**Data for processing:**

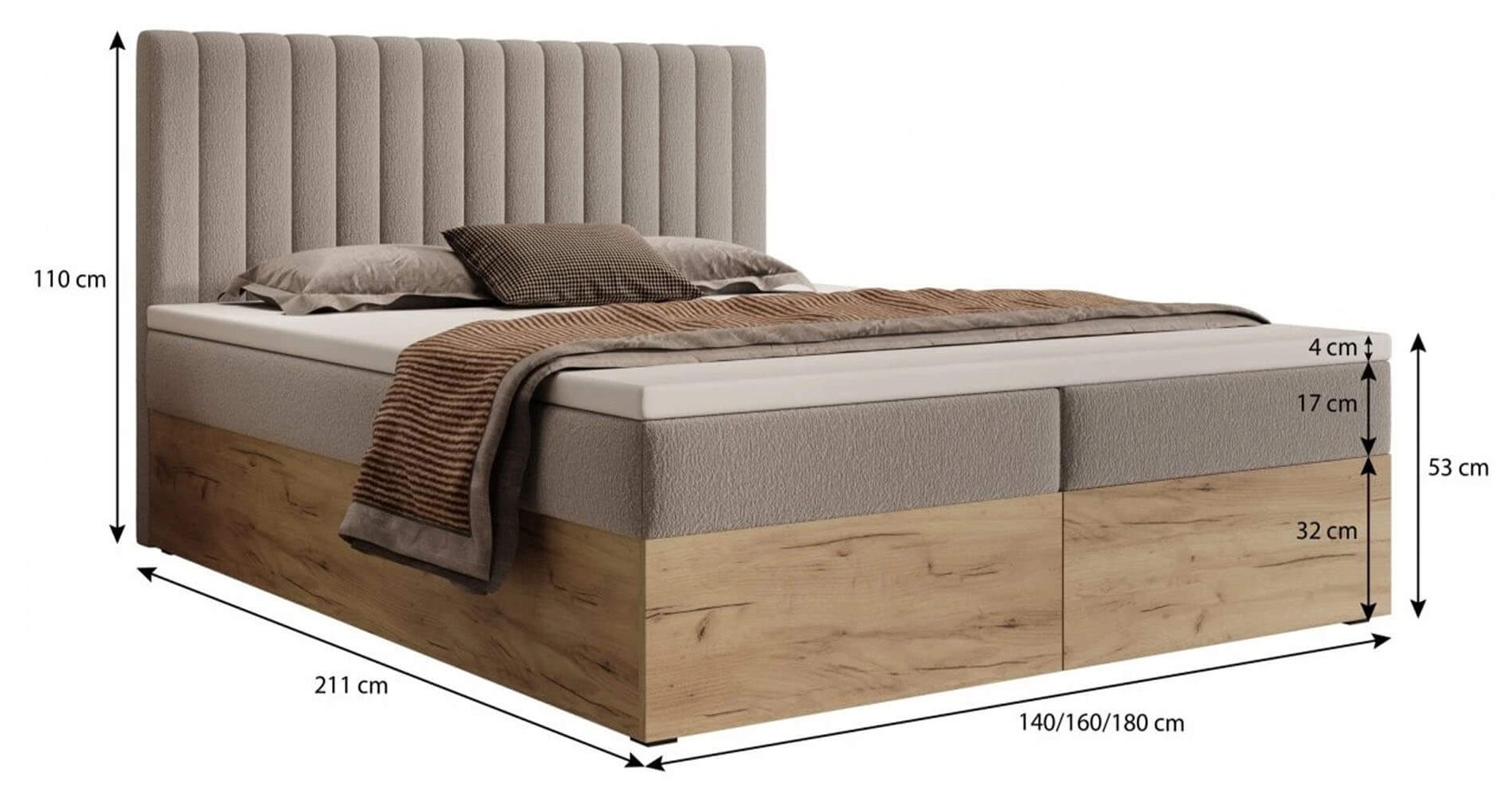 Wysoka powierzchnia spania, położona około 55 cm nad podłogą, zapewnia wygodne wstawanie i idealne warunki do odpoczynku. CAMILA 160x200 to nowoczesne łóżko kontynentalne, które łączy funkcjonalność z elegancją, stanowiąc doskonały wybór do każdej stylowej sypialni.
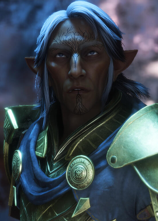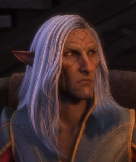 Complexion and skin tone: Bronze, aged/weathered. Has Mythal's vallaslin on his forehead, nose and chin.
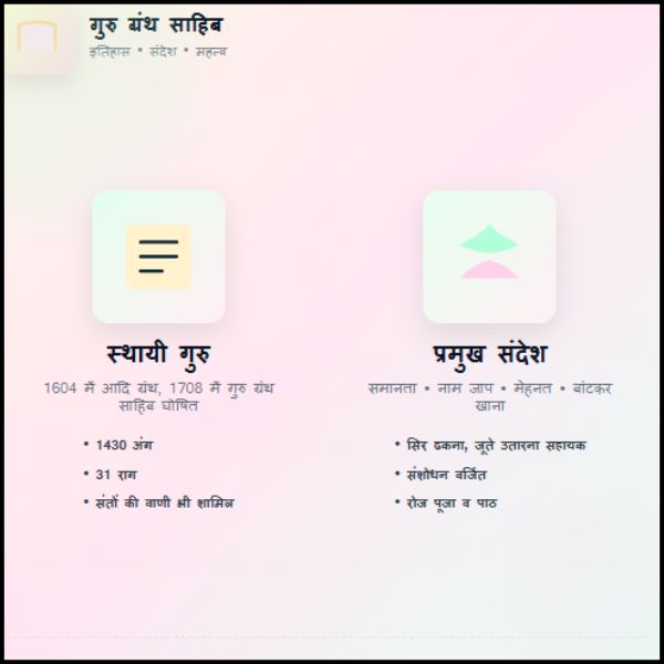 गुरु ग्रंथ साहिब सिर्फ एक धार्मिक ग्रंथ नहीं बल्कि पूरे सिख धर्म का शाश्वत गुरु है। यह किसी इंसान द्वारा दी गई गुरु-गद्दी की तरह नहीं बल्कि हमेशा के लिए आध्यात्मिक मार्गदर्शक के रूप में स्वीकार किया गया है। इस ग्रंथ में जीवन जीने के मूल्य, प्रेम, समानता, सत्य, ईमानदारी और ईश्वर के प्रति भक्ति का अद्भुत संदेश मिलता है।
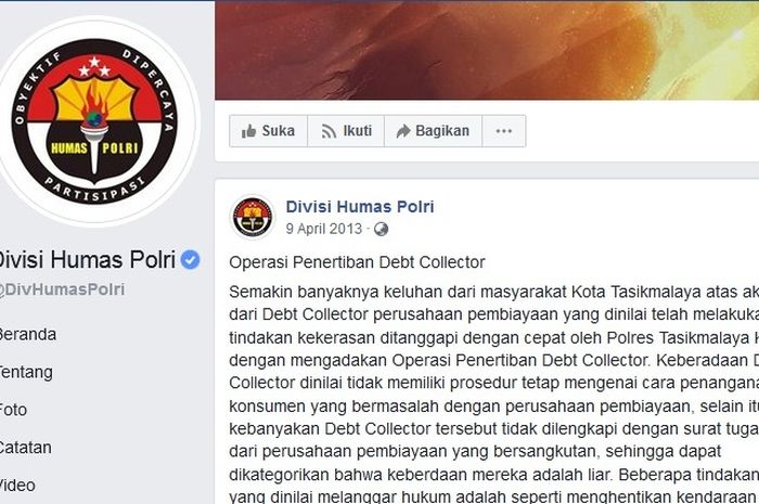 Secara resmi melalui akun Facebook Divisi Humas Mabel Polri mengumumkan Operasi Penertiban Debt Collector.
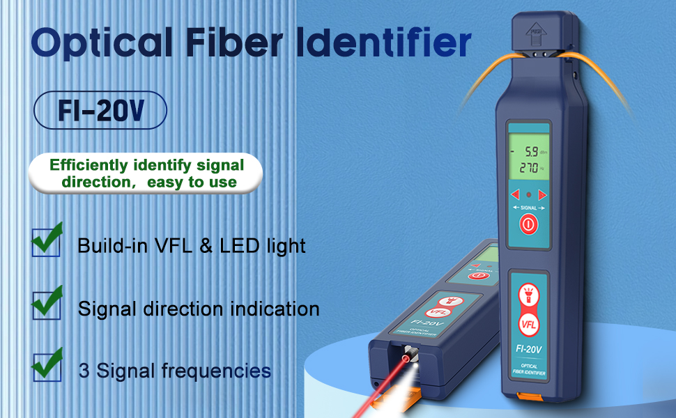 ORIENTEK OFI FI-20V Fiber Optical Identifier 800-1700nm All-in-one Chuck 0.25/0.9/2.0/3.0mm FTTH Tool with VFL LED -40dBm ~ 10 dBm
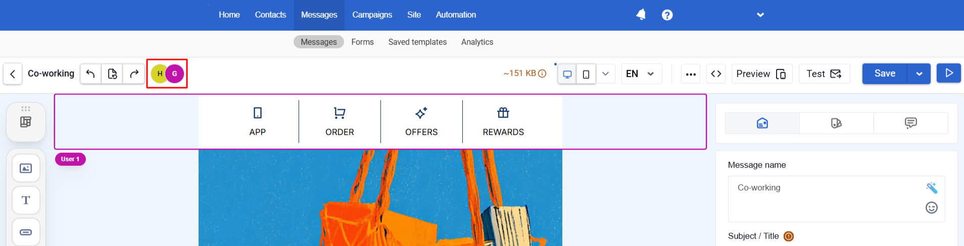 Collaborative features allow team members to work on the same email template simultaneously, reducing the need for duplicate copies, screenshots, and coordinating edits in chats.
* * *
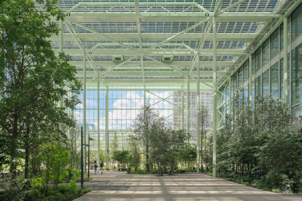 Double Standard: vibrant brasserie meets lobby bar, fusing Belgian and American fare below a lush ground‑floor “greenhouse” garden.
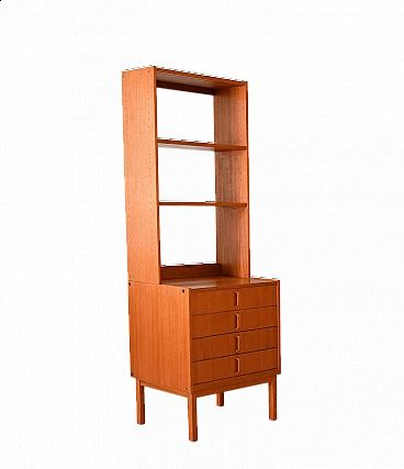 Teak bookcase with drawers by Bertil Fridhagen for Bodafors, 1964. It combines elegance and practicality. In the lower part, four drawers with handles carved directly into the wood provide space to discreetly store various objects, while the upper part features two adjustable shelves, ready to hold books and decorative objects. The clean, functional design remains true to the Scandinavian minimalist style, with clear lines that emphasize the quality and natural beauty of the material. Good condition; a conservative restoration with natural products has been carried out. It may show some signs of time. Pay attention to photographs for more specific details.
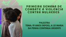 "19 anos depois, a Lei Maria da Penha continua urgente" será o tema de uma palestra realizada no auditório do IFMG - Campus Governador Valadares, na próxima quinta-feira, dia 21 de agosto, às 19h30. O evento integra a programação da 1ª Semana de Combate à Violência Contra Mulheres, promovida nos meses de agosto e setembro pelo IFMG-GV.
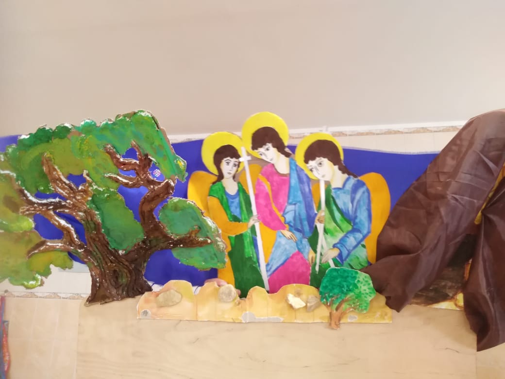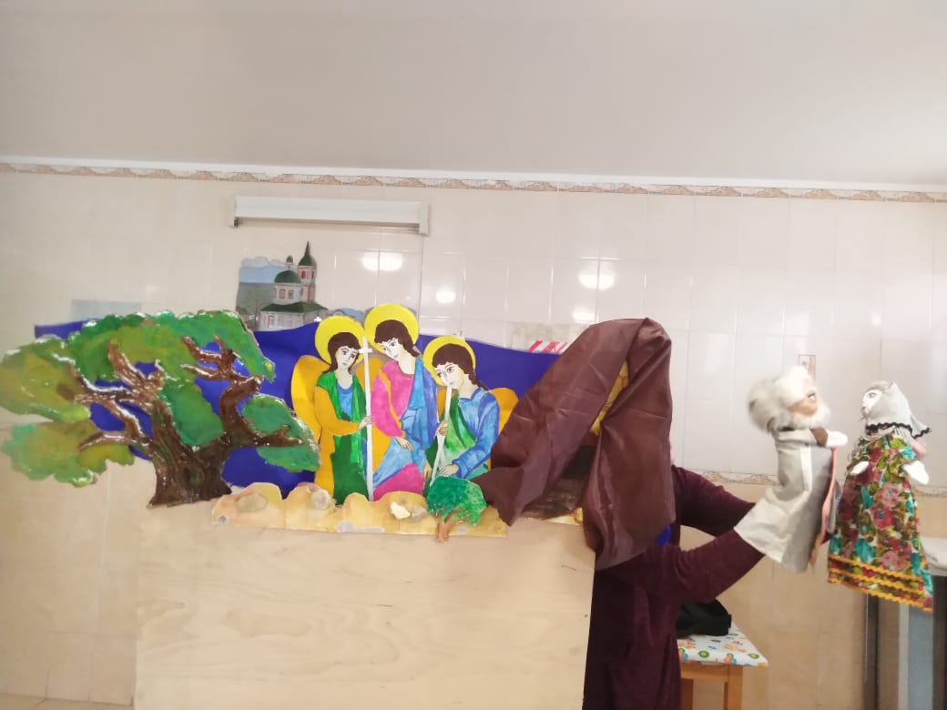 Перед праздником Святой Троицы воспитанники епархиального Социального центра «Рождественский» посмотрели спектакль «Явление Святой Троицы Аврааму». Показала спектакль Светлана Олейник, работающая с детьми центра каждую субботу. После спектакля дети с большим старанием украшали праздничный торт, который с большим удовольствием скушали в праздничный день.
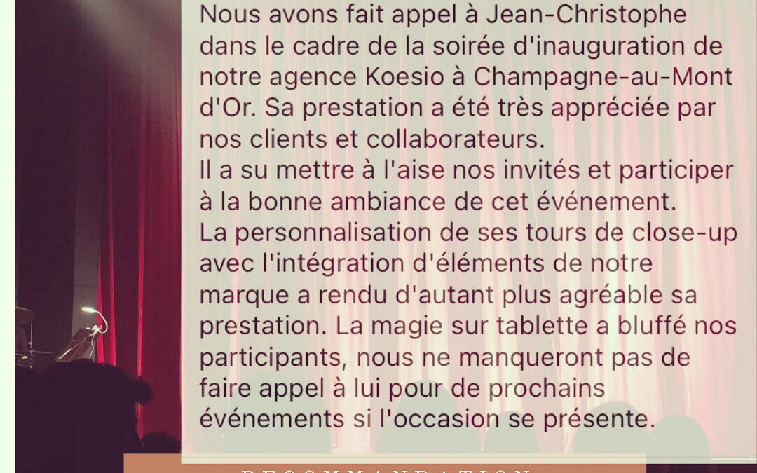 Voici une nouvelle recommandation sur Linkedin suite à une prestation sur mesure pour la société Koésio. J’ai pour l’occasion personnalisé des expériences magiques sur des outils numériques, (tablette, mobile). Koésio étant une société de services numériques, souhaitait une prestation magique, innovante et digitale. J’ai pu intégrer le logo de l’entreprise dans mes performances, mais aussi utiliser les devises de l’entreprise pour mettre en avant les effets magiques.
==
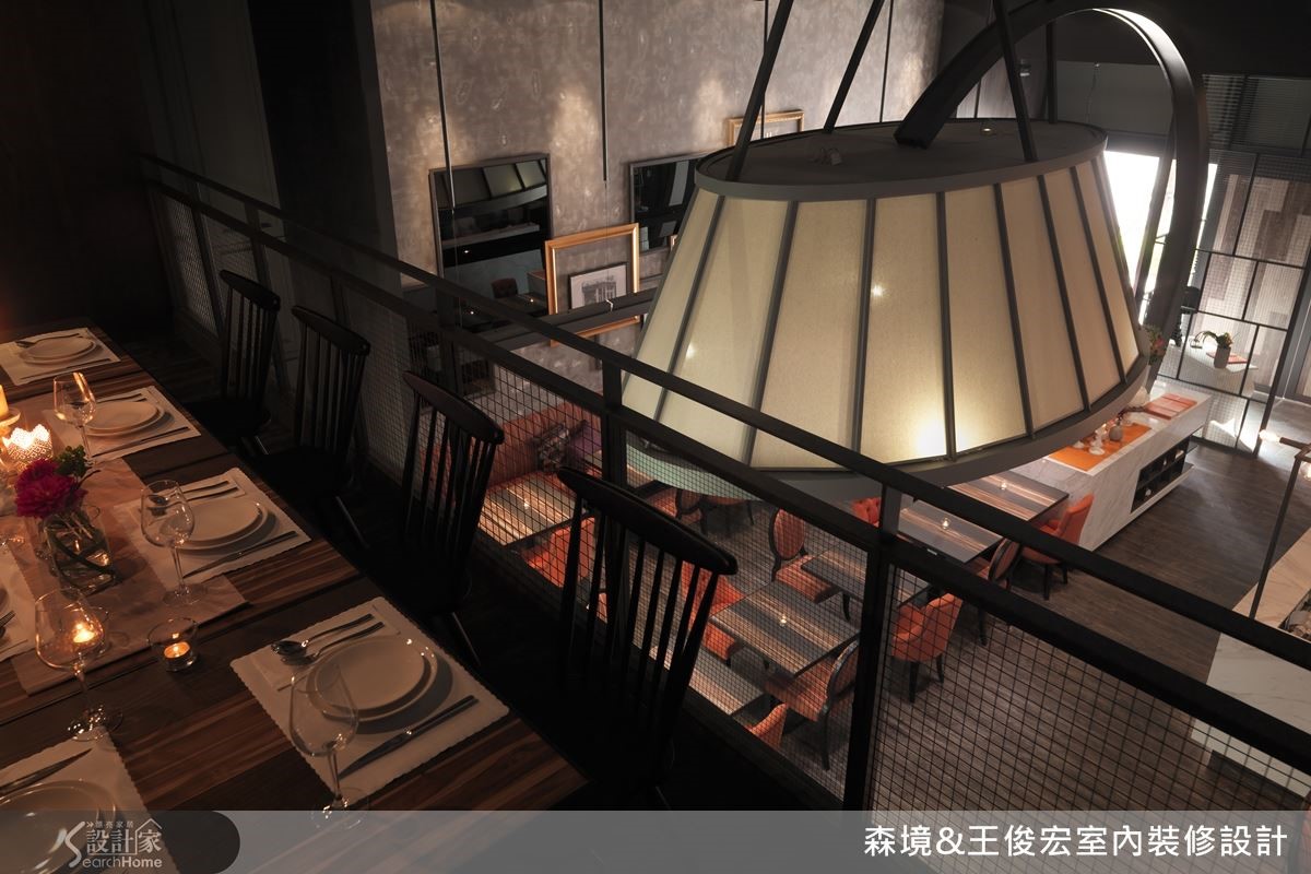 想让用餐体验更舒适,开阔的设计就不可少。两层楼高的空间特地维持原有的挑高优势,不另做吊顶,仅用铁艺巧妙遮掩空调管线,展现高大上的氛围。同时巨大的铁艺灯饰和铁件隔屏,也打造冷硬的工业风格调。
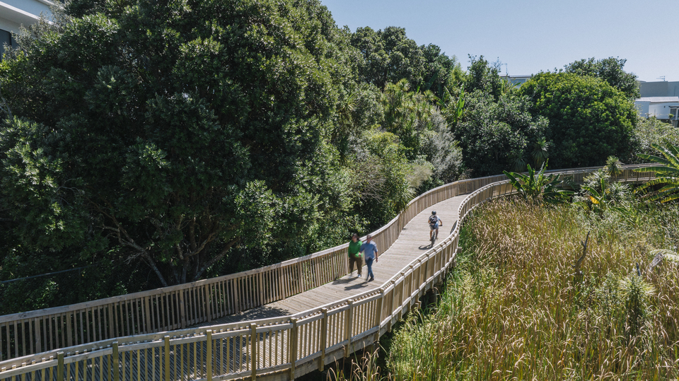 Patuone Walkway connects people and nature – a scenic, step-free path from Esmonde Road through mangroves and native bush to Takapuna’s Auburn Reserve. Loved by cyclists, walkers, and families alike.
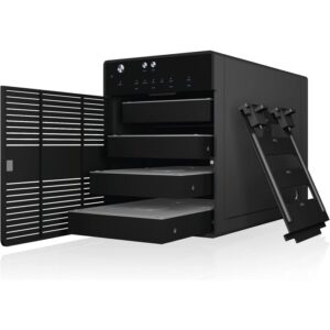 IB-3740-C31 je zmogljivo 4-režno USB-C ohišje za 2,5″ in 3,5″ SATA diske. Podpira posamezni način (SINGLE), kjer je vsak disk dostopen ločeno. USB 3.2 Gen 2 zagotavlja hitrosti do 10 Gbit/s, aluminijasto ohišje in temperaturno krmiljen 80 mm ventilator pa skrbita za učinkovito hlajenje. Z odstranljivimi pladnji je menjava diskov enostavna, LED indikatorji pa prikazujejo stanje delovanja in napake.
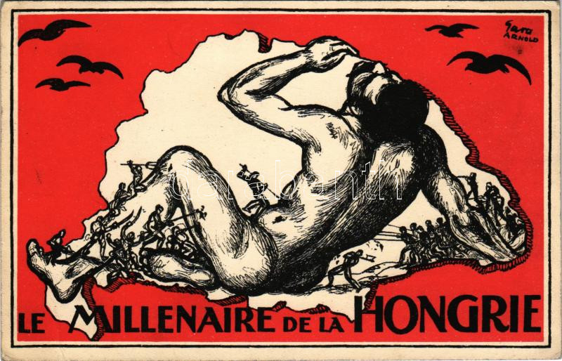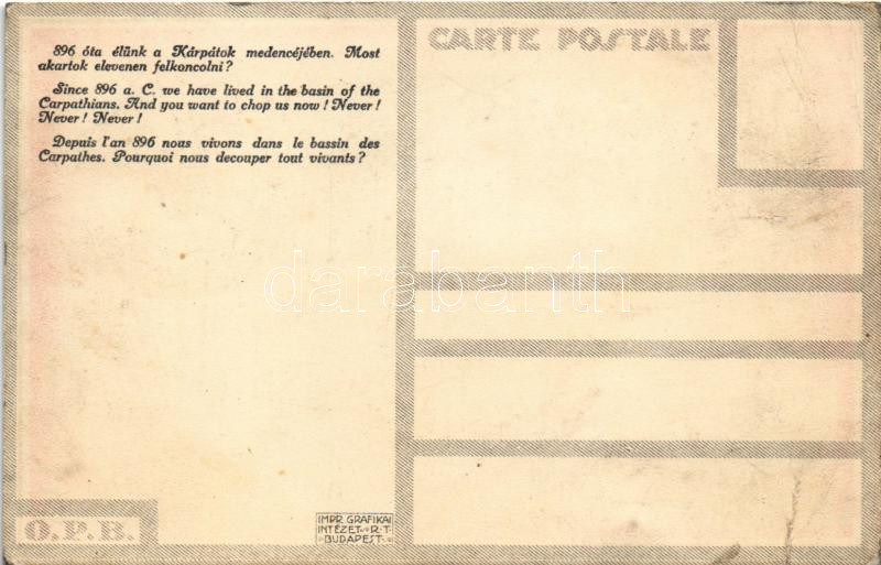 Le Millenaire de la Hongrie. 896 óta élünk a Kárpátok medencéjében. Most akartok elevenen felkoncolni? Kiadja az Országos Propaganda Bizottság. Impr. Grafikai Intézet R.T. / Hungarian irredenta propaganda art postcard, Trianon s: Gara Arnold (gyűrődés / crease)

**What to work on:** Above are the records. Copy word for word only their lines from the one holding "गुरु ग्रंथ साहिब" through the one holding "ORIENTEK OFI FI-20V", both included, and skip the images.

**Task solution:**
 गुरु ग्रंथ साहिब सिर्फ एक धार्मिक ग्रंथ नहीं बल्कि पूरे सिख धर्म का शाश्वत गुरु है। यह किसी इंसान द्वारा दी गई गुरु-गद्दी की तरह नहीं बल्कि हमेशा के लिए आध्यात्मिक मार्गदर्शक के रूप में स्वीकार किया गया है। इस ग्रंथ में जीवन जीने के मूल्य, प्रेम, समानता, सत्य, ईमानदारी और ईश्वर के प्रति भक्ति का अद्भुत संदेश मिलता है।
 Secara resmi melalui akun Facebook Divisi Humas Mabel Polri mengumumkan Operasi Penertiban Debt Collector.
 ORIENTEK OFI FI-20V Fiber Optical Identifier 800-1700nm All-in-one Chuck 0.25/0.9/2.0/3.0mm FTTH Tool with VFL LED -40dBm ~ 10 dBm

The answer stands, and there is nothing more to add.